McCarthy’s Problem With Matt Gaetz Gets Worse

Gage Skidmore from Peoria, AZ, United States of America, CC BY-SA 2.0 , via Wikimedia Commons

( – In a recent development, GOP Congressman Jim Jordan faced a setback in his bid for House Speaker, with diminishing support from his party following a critique from ex-Speaker Kevin McCarthy who pointed fingers at Representative Matt Gaetz for the unsuccessful attempt.

Jordan secured only 199 affirmations in a repeat voting process that took place on Wednesday, falling short as 22 Republicans opposed him, showing a slight increase in dissent from his initial attempt the previous day. Contrastingly, all 212 Democratic members remained consistent in their support for Minority Leader Hakeem Jeffries.
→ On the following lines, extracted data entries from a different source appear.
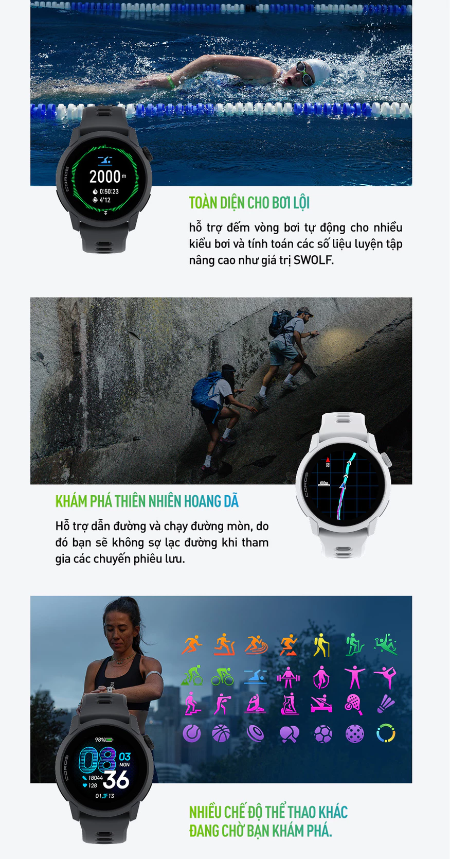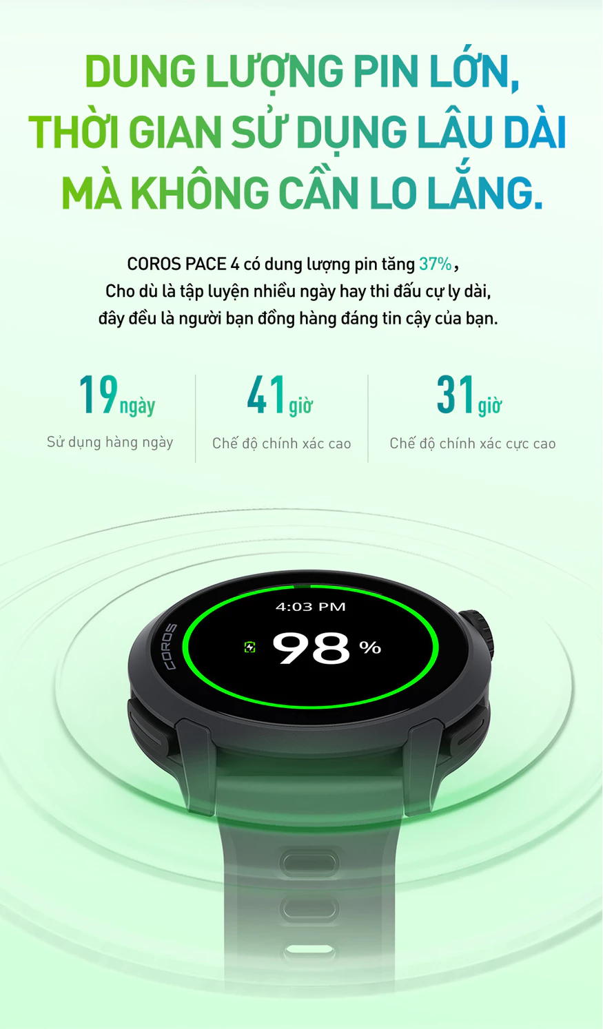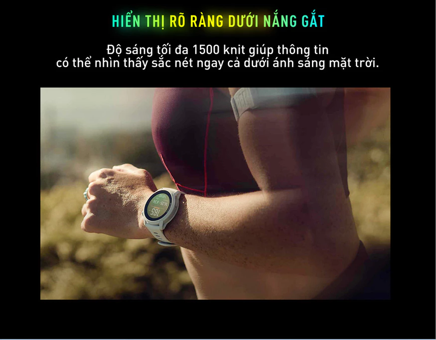 Thời lượng pin ấn tượng: Duy trì hoạt động dài ngày mà không cần sạc thường xuyên – rất hữu ích cho chạy trail, thi đấu hoặc sử dụng hàng ngày.
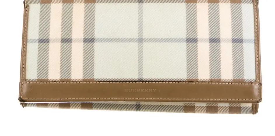 Chic Burberry clutch with iconic plaid pattern. Stylish and versatile accessory.
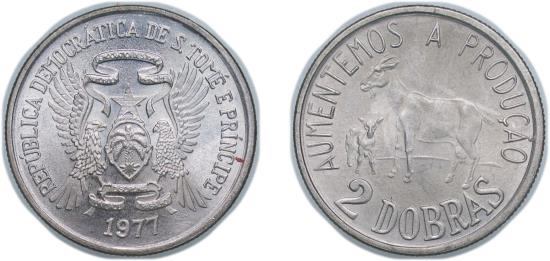 São Tomé and Príncipe Democratic Republic 1977 2 Dobras (FAO: Animal Husbandary) Copper-nickel Staatliche Münze Baden-Württemberg Mint (1000000) 2.48g UNC KM 27 Schön 30
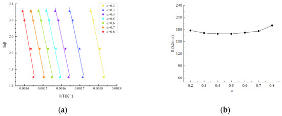 Results at different conversion rates based on the Flynn–Wall–Ozawa method: (a) linear fitting curves; (b) activation energy results.
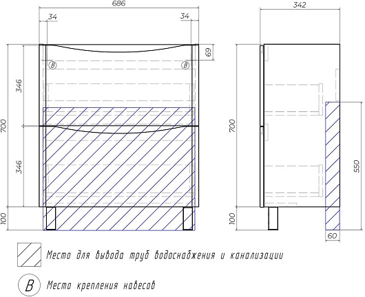 Тумба с раковиной Vigo Glem 700-0-2 - арт. tn.GLE.9595.70.2Y / 9595-70.
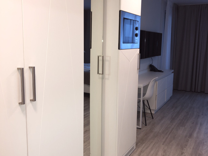 Здесь будем баловать себя водными процедурами: есть бассейн. Удобно для гостей с ограниченными возможностями: на верхние этажи гостей поднимает лифт. Гостям доступны и другие услуги. Например, гладильные услуги. Сотрудники апартаментов поддержат беседу на русском.
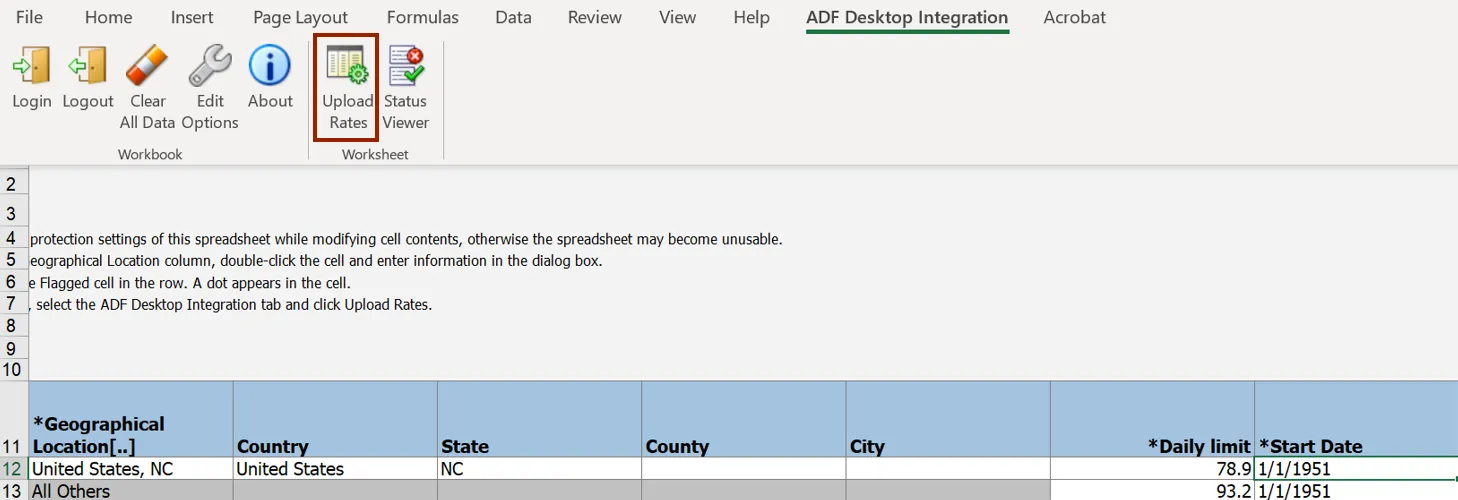 Step 14. Click the Upload Rates button. The Upload Options pop-up appears.

The tension escalated after supporters of Gaetz were targeted by a fundraising campaign accusing “RINOs” (Republicans in name only) and “radical Democrats” of obstructing Jordan’s path. This came especially after Gaetz had initiated a rare motion leading to McCarthy’s removal from the speakership earlier.

Although Gaetz disassociated himself from the fundraising email, apologizing and attributing it to an oversight by his staff, McCarthy expressed his frustration to CNN’s Manu Raju, highlighting what he perceived as Gaetz’s double standards.

McCarthy attributed the ongoing disarray within the Republican ranks in the House to Gaetz and the group of eight Republicans who supported the motion, holding them responsible for the turmoil. He expressed irritation particularly over Gaetz’s fundraising efforts, which he viewed as an attack on Republicans potentially willing to collaborate with Democrats, while Gaetz himself had engaged in such partnerships.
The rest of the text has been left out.